Open file first line: 2021 2016-04-24 18:28:54 0000-00-00 00:00:00 +0100 00000cf0 001 003f 0001 09
Closed file first line: 2021 2016-04-24 18:28:54 2016-04-24 18:29:31 +0100 00000cf0 001 003f 0001
If the events are being written in near real time you could just use DATETIME_CONFIG=NONE in your props so that Splunk will use the time the file is written as the event date.
I doubt that would work. From Splunk's point of view, a file is unchanged if the start CRC, the end CRC, and the size doesn't change. Adding a session end to the start would inevitably change the size. If the size changes in any context other than appending to the end, Splunk will reindex.
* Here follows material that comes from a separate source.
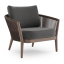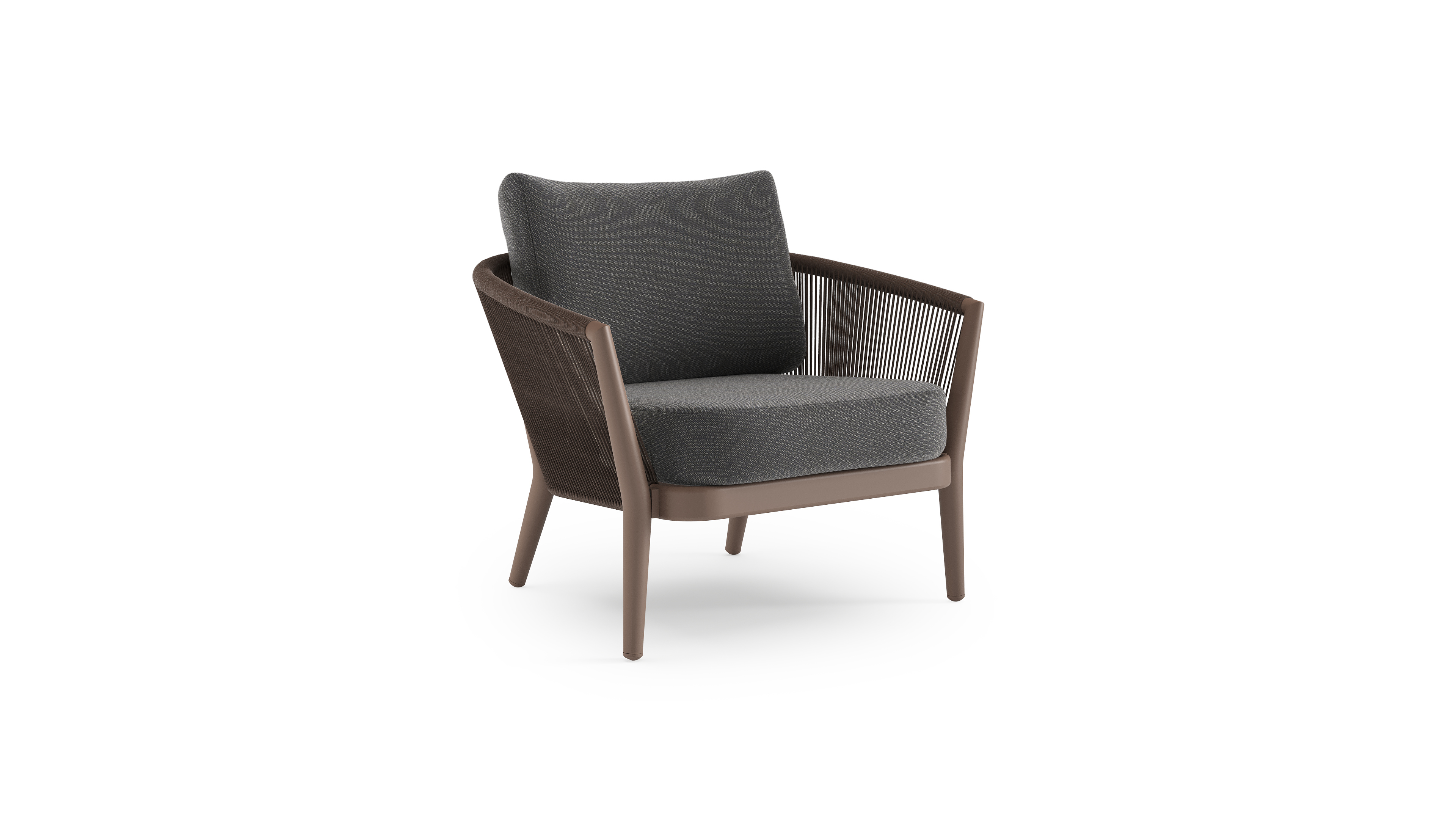 Fauteuil de jardin Orso en aluminium taupe en corde ronde tissée verticalement noir et coussins en all weather sunbrella® luxe Savane Tornado | Exterioo mobilier de jardin

I agree with you, I feel my hands are tied on this because I cant avoid it to check the beggining of the file
Timestamp extraction won't influence reindexing files that have their beginning changed later on.
Yeah I'm trying to edit he could try to decrease Crc init to a lower value possibly too.
From Splunk's point of view, that's intended behaviour. If you're tailing a log file and its start changes, it's considered to be a new log file.
Have your application move the file to a different place after completion, and monitor that different place with Splunk.
Mkay, here's another option: Have the application append the session end time to the end of the log file.
I second this. And third it. All in favor?
Really, though, IMO this is inordinately strange behavior from a logger. There's obviously some business reason or some reason involving an inferior product being worked around that caused the logging to be created this way, and it could be at least worth an ask to see if that behavior can be fixed now. There are quite a few compelling reasons.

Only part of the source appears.